Streaming and Ed Sheeran have combined to put the 2017 UK music market up over 11% year-on-year at the halfway stage, according to figures from the BPI/Official Charts Company.
After some very healthy Q2 figures, the combined Q1 and Q2 figures show that Album Equivalent Sales (AES) soared to 63,867,380 units in H1, up 11.6% on 2016. Within that, Stream Equivalent Albums were unsurprisingly the star performer, leaping 53.2% y-o-y. However, a strong physical albums performance also helped: strong CD sales for releases from Sheeran, Rag’N’Bone Man and Take That saw the format decline by just 3.9% year-on-year.
CD albums dropped 6.4%, while vinyl again rose 32.2%. The vinyl revival even spread to the singles market, with sales of 12” singles up 60.2% - although only to a total of 81,471 units.
Downloads, however, remain in serious decline. Digital albums dropped 24.1% and Track Equivalent Albums fell 23.5% as the MP3 seems destined to beat CDs to the format graveyard.
In contrast, audio streams surged past the 30m mark for the half year for a total of 31,848,269,600.

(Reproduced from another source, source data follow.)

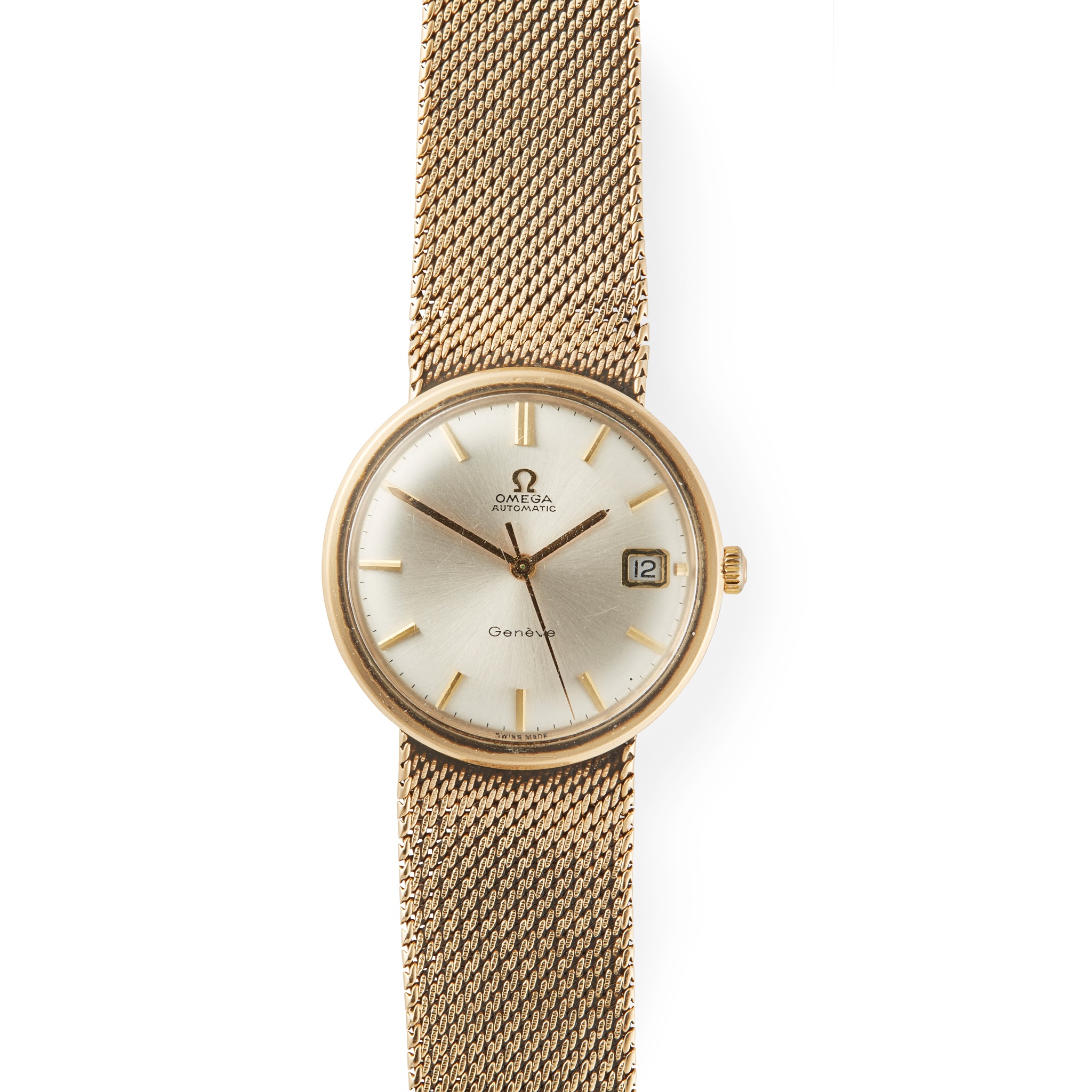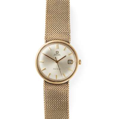 Automatic Geneve example, 1960s, in an 18ct gold case, the round silver coloured pie pan dial with applied gold baton hour markers, date aperture at 3, gold pencil hands, centre seconds hand in gold, the caseback inscribed R. B. McIntosh, on an integrated 18ct gold mesh bracelet strap with fold over snap clasp with Omega logo, no box and papers
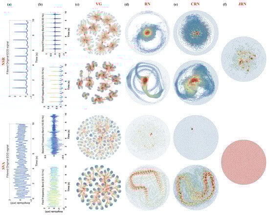 The typical ECG decomposition signals and corresponding complex networks of SVA and NSR segments. (a) Filtered original ECG signals, (b) decomposed sub-signals of two sub-bands, and (c–f) corresponding complex networks (VGN, RN, CRN, and JRN) of these sub-signals. The color of each node in the network diagram aligns with the color of the corresponding data point in the sub-signals, reflecting the degree of the node.
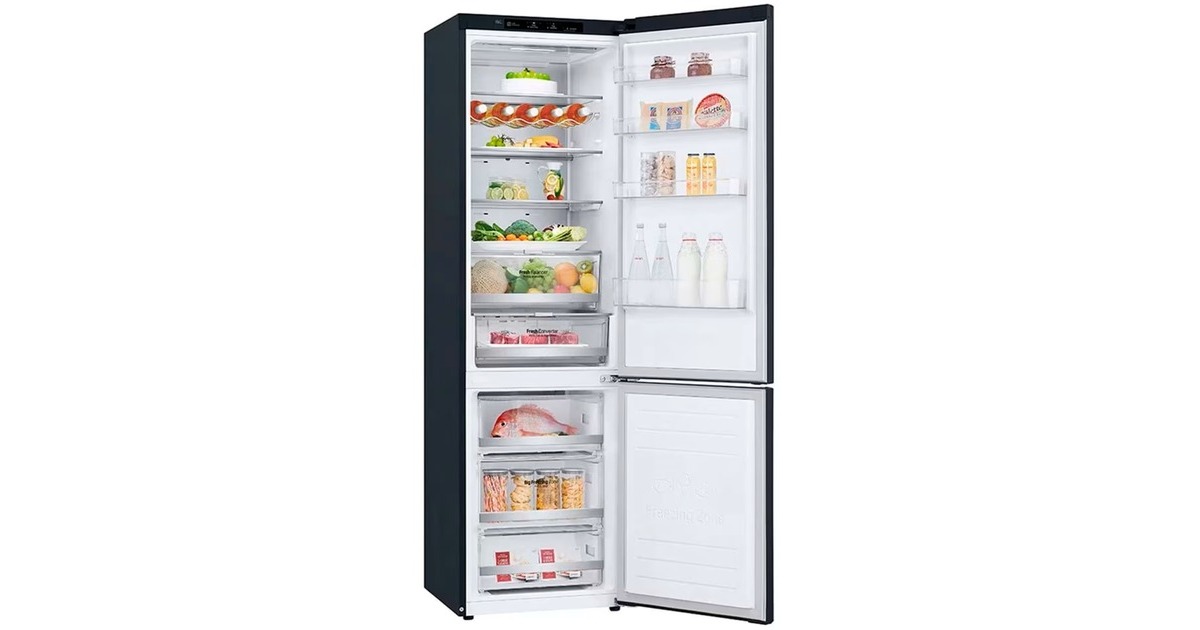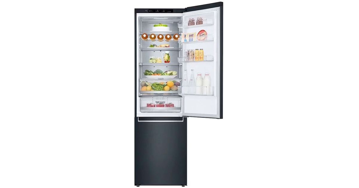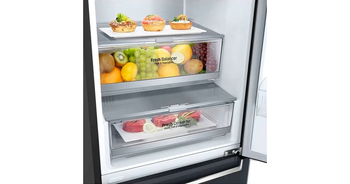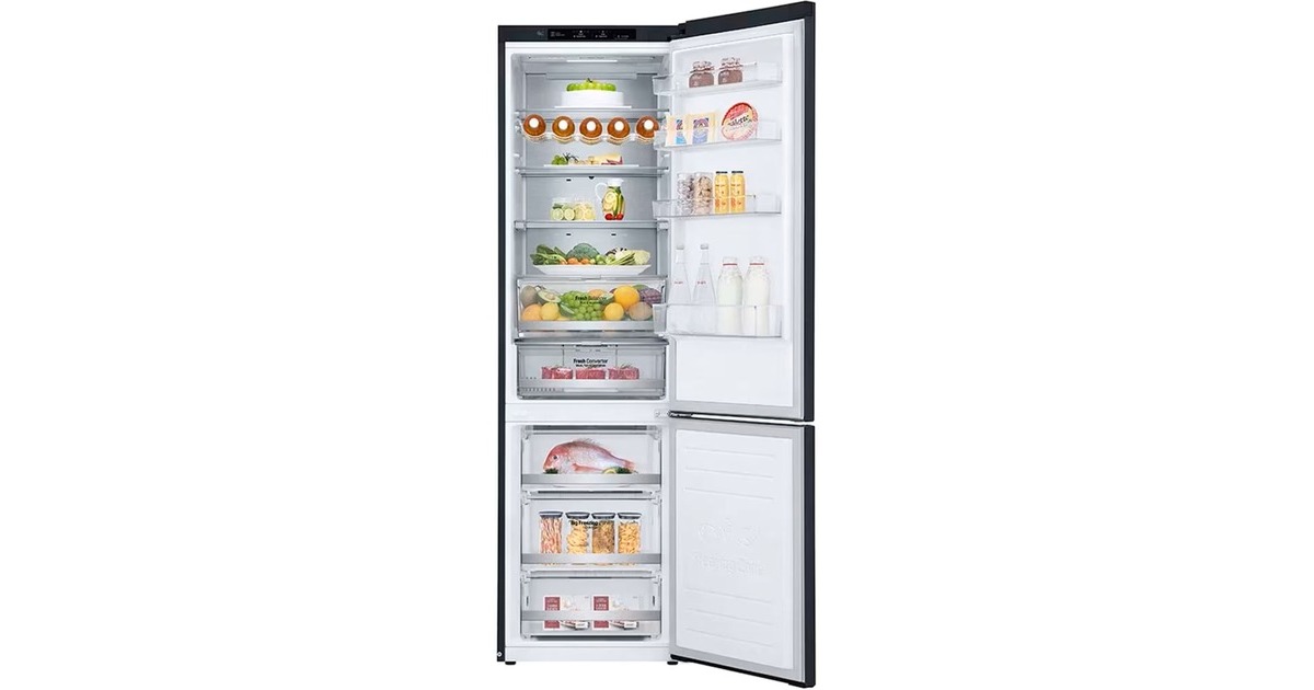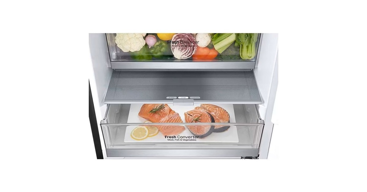 Die Kühl-/Gefrierkombination LG GBB92MCBAP ist mit einem Gesamtnutzinhalt von 384 Litern ideal für den mittleren bis größeren Haushalt geeignet und überzeugt mit zahlreichen Features. Im 277 Liter umfassenden Kühlteil mit Multi-Airflow haben Speisen und Getränke auf vier Abstellflächen aus Sicherheitsglas, davon ein variabler Glaszwischenboden, auf einem Flaschengitter sowie in vier Türfächern viel Platz, um übersichtlich gelagert zu werden. Das FRESHConverter Fach ist ein nach Bedarf regelbares Fach für die längere Lagerung von Fleisch, Fisch oder Gemüse und das FRESHBalancer Fach ist mit einem Wahlschalter ausgestattet, um je nach Bedarf die optimale Luftfeuchtigkeit für Obst und Gemüse zu regulieren und so für längere Frische zu sorgen. Das Gefrierteil des GBB92MCBAP mit Total NoFrost-Technologie und SuperGefrieren-Funktion umfasst 107 Liter und stellt drei Gefrierschubladen für Tiefkühlkost zur Verfügung. DoorCooling+ stabilisiert die Innentemperatur und kühlt schneller und gleichmäßiger als herkömmliche Kühlsysteme und LINEARCooling reduziert den Temperaturunterschied im Kühlschrank auf ±0,5°C, wodurch Lebensmittel länger frisch bleiben. Mit einem Stromverbrauch von 110 kWh im Jahr ist die GBB92MCBAP in die Energieeffizienzklasse A eingestuft.Art.-Nr.: 100041835
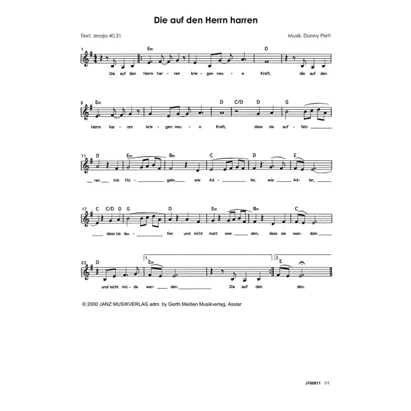 Die auf den Herrn harren (diese Variante haben Sie gerade ausgewählt) (einstimmig, mit Akkorden, E-Moll) Danny Plett (Komposition) |
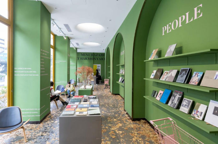 11月19日,人们在上海市徐汇区西岸艺术中心附近一家书店内阅读拍照。

Universal lead the All Albums AES market shares with 34.2%, followed by Sony (23.7%), Warner (19.8%), BMG (1.8%) and XL Beggars (1.7%). Atlantic – home to that man Sheeran, who has broken countless sales records over the first six months of the year – tops the label shares with 9.6%, ahead of Virgin EMI on 9.1%.
On Artist Albums AES, it finished Universal (33.4%), Sony (22.1%), Warner (21.1%), XL Beggars (1.9%), BMG (1.7%). Atlantic was No.1 label with 10.7%, ahead of Virgin EMI on 8.9%.